Cheers, [member=64013]ElectricFeet[/member] ..

1 : It was just a twist on fitting connected to the hub to the dwv line.  Of course, when I twisted it off, it broke off in the hub :-)  There was a ton of buildup in the pipe, so I'm guessing it has just been wasting away over time.  I'll most likely have the plumber out to cut the cast iron line and slip in a new hub.

2 : I'm going to send a couple samples of the wallpaper out for asbestos testing tomorrow.  I didn't flag any lead in the wall paper so if I get the all-clear on the asbestos, I'll probably end up just removing it. It seems to be fairly loose already.  It's a pain, but probably less annoying than hanging drywall on brick.

3: I thought about linoleum, but I'd have some concerns about going over the two layers of existing flooring (vinyl tile and linoleum).  If it's feasible, I'd definitely consider it - any particular brands you recommend?

The tall unit is actually for storing things like vacuums and cleaning supplies.  There isn't really a good place for those types of things at the moment.  I opted out of hanging uppers because they block the window and make the space feel a bit more claustrophobic.

Thanks,
Adam
 
I've been delayed in making progress on this.  I decided to strip the door and it has taken me well over 20 hours to get it mostly down to the wood.

Anyways, in the process of working back there, I've found that a bunch of the peel and stick vinyl tiles are no longer really sticking but just peeling. 

The tiles have a small amount of asbestos in them, but they are in tact.  I think the best thing to do here would be to remove them.  I'm familiar with the guidance around removing asbestos containing materials in general, but I'm curious how it applies in a case where the material is in tact and can be removed with almost no effort (and thus no stress on the material). 

Does the plastic/tyvek/water/hepa/p100 guidance still apply here, or is it simply a matter of removing them, perhaps keeping all surfaces wet as a precaution?

Thanks,
Adam
 
Not sure what the law is there, but eventually if you sell the house, you have to make the buyers aware that there is asbestos in the house (since you have tested it and confirmed).

I would consider removing it and have peace of mind, especially if I had my kids living there.
 
I just had my floor abated, that was a project I didn't want. If I could have easily removed tiles without breaking them I would have for sure handled them myself. You need to check with your state on disposal rules. In my case only certain dumps will handle it and you need the right paperwork but homeowners are allowed to do it.
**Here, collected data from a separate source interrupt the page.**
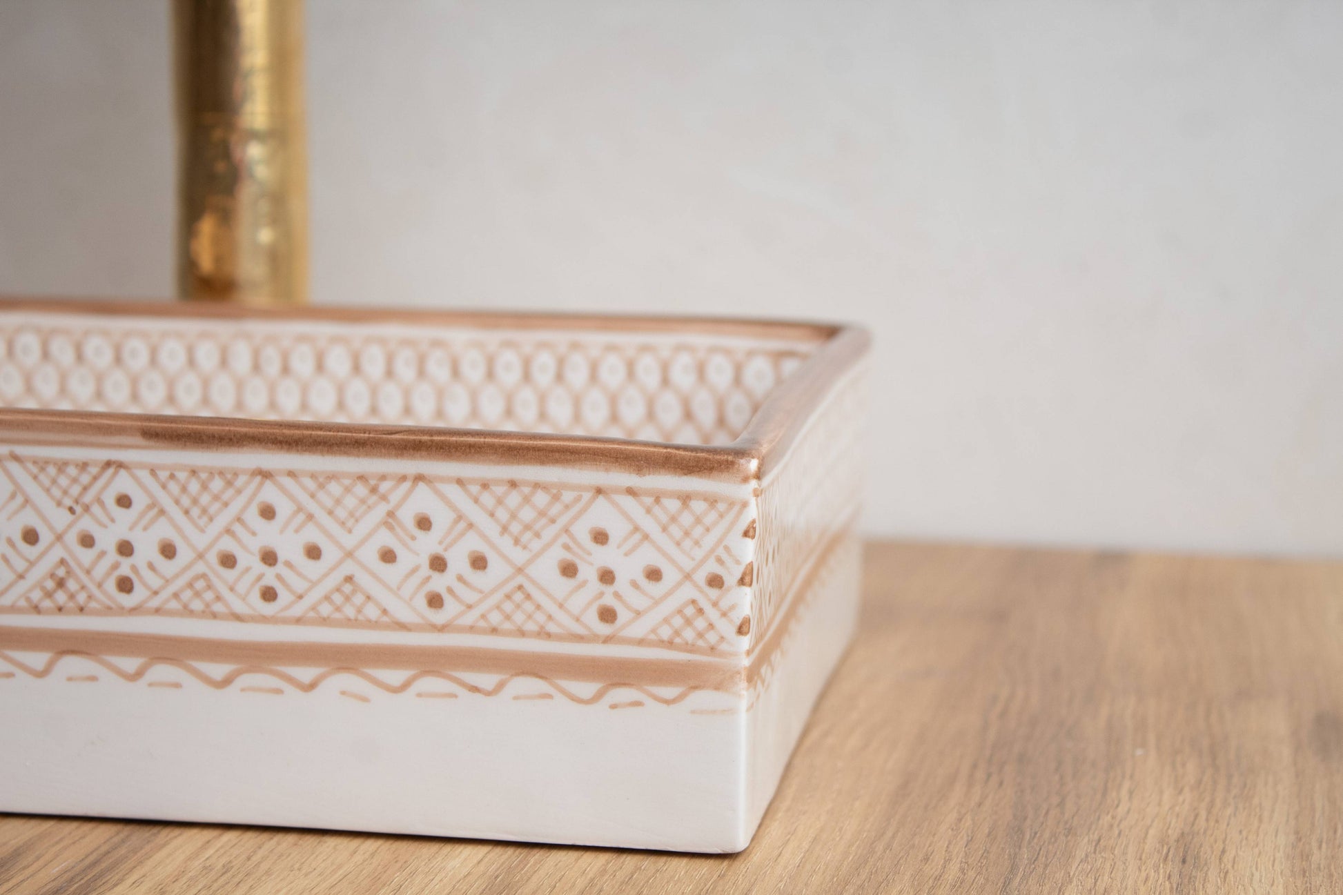 This charming mini rectangular sink features delicate blush pink geometric lattice patterns hand-painted on the interior border. The intricate diamond shapes and linear elements create a soft, romantic look in a compact format. Each element is carefully painted by hand, creating subtle organic variations.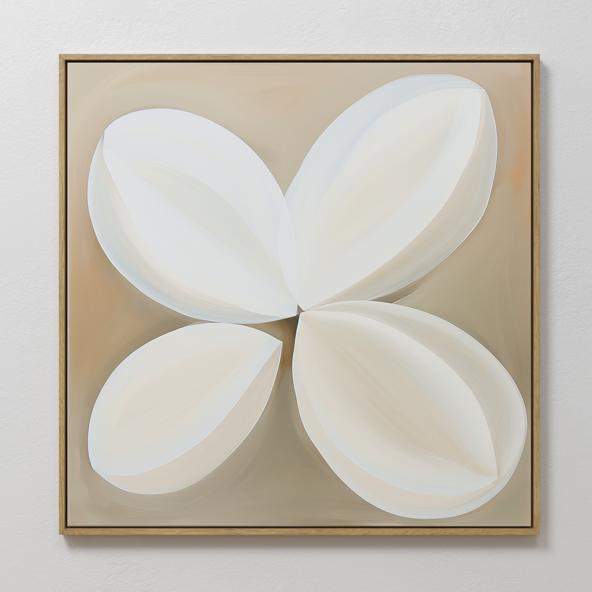 Discover 'Clover Harmony' by Nordic Park, a serene wall art print featuring soft white petals against a beige background. This minimalist wall art piece enhances living room decor or bedroom decor with its elegant and modern design, making it a stunning addition to any space.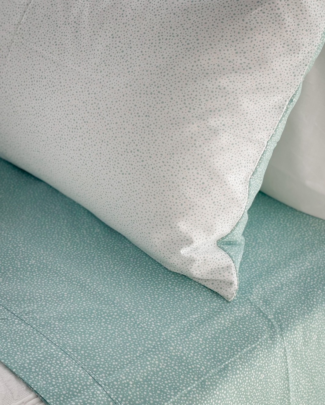 Il completo Lenzuola Jaq è un completo molto particolare, la coppia federe ha un lato di un colore e l’altro in contrasto, tutto il completo è caratterizzato dal motivo pois, il lenzuolo di sopra e colorato tinta unita con pois bianco e il lenzuolo con angoli è fondo bianco con pois colorati a contrasto.

I watched the guys do mine and. The main fancy thing they had was a negative pressure machine but they were cutting mine up with a circular saw. If you are sure you can get them out whole you should be good with tyvec and a p100 respirator that is properly fit. Wetting them is an extra step that can help. Picking them up isn't the problem its any particles. My stuff they bagged in thick plastic and sealed the plastic with this tape:https://amzn.to/2TjS1yu

One thing I thought that was interesting from talking to the lady who did the clearance on my house after abatement was asbestos is all around us in the earth, it is only a certain size airborne fiber-form particle that is the problem. .
 
Sorry I was reading too fast, I was thinking ceiling tiles for some reason. The floor stuff you have to watch out for because its usually the paper backing which is glued to your underlayment. In my case the fastest thing to do was pull up the underlayment. Luckily it wasn't glued and screwed just nailed.
For floor you probably want to do it all, wet it, plastic off the room, bag it, tape it, P100, tyvec suit.